It does get the job done but it looks really heavy. If you can get this accomplished any simplier would be great, but having ta.cor taking care of this is the best solution. Meanwhile, we incorporate this into correlations:
t = proc.time()
cor.asterr.auto = ta.cor(bat, pairs.to.correlate)

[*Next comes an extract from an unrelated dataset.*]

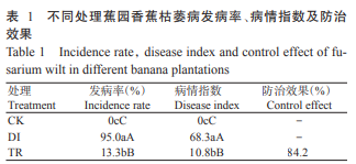 由表1可知,CK處理香蕉植株無(wú)發(fā)病現(xiàn)象;DI處 理在接種香蕉枯萎病菌GFP-FOC4后蕉園的發(fā)病率 高達(dá)95.0%,病情指數(shù)為68.3;TR處理接種生防菌 XP1后蕉園的發(fā)病率為13.3%,與DI處理相比差異達(dá)極顯著水平(P<0.01,下同),病情指數(shù)降低至10.8, 防治效果顯著,達(dá)84.2%。TR處理香蕉枯萎病發(fā)病 率較DI處理降低81.7%(絕對(duì)值),說(shuō)明生防菌對(duì)香蕉枯萎病菌具有較強(qiáng)的拮抗作用。

tmp = head(cor.asterr.auto[[1]])
basicAutoCorTime = proc.time() - t
tmp
## corr value
## 1 x2b:ab 0.949511
## 2 g:x2b 0.875669
## 3 rbi:h 0.941514
## 4 x3b:h 0.689285
## 5 ab:x3b 0.682406
## 6 x2b:r 0.940411
## 7 bb:r 0.915290
## 8 bb:x2b 0.857618
## 9 cs:r 0.682049
## 10 cs:x2b 0.600180
## 11 hr:r 0.846858
## 12 so:r 0.879058
## 13 ab:r 0.964957
## 14 ab:x2b 0.949511
## 15 sb:r 0.637612
## 16 x3b:x2b 0.621563
## 17 bb:g 0.833575
## 18 cs:g 0.626081
## 19 hr:g 0.735561
## 20 sb:x2b 0.526301
## 21 so:g 0.842468
## 22 h:ab 0.990564
## 23 h:g 0.913908
## 24 h:x3b 0.689285
## 25 r:ab 0.964957
## 26 r:g 0.889582
## 27 r:x3b 0.689643
## 28 g:r 0.889582
## 29 hr:x3b 0.431390
## 30 so:x3b 0.581723
## 31 x2b:g 0.875669
## 32 bb:x3b 0.565886
## 33 cs:x3b 0.658777
## 34 rbi:r 0.940341
## 35 rbi:x2b 0.927981
## 36 x2b:x3b 0.621563
## 37 x3b:r 0.689643
## 38 ab:h 0.990564
## 39 bb:ab 0.885078
## 40 cs:ab 0.676318
## 41 hr:ab 0.798933
## 42 sb:h 0.604084
## 43 so:ab 0.902529
## 44 g:ab 0.927144
## 45 g:x3b 0.628107
## 46 g:h 0.913908
## 47 h:r 0.974202
## 48 rbi:g 0.863682
## 49 sb:x3b 0.653189
## 50 x3b:g 0.628107
## 51 bb:h 0.882800
## 52 cs:h 0.676540
## 53 hr:h 0.805181
## 54 sb:ab 0.596866
## 55 so:h 0.872335
## 56 rbi:ab 0.934018
## 57 x3b:ab 0.682406
## 58 r:h 0.974202
## 59 rbi:x3b 0.573167
## 60 h:x2b 0.959213
## 61 r:x2b 0.940411
## 62 x2b:h 0.959213
## 63 ab:g 0.927144
## 64 hr:x2b 0.803838
## 65 sb:g 0.540930
## 66 so:x2b 0.855860
df = as.data.frame(cor.asterr.auto[[1]])
ggplot(data = df, mapping = aes(corr, value)) +
geom_bar(aes(fill=corr), stat="identity") +
labs(title = "Correlation with Aster R ta.cor", x = "features", y = "correlation Value") +
theme_tufte(ticks=FALSE, base_size = 16) +
theme(legend.position = "none",
axis.text.x = element_text(angle = 90, hjust = 1, vjust=0))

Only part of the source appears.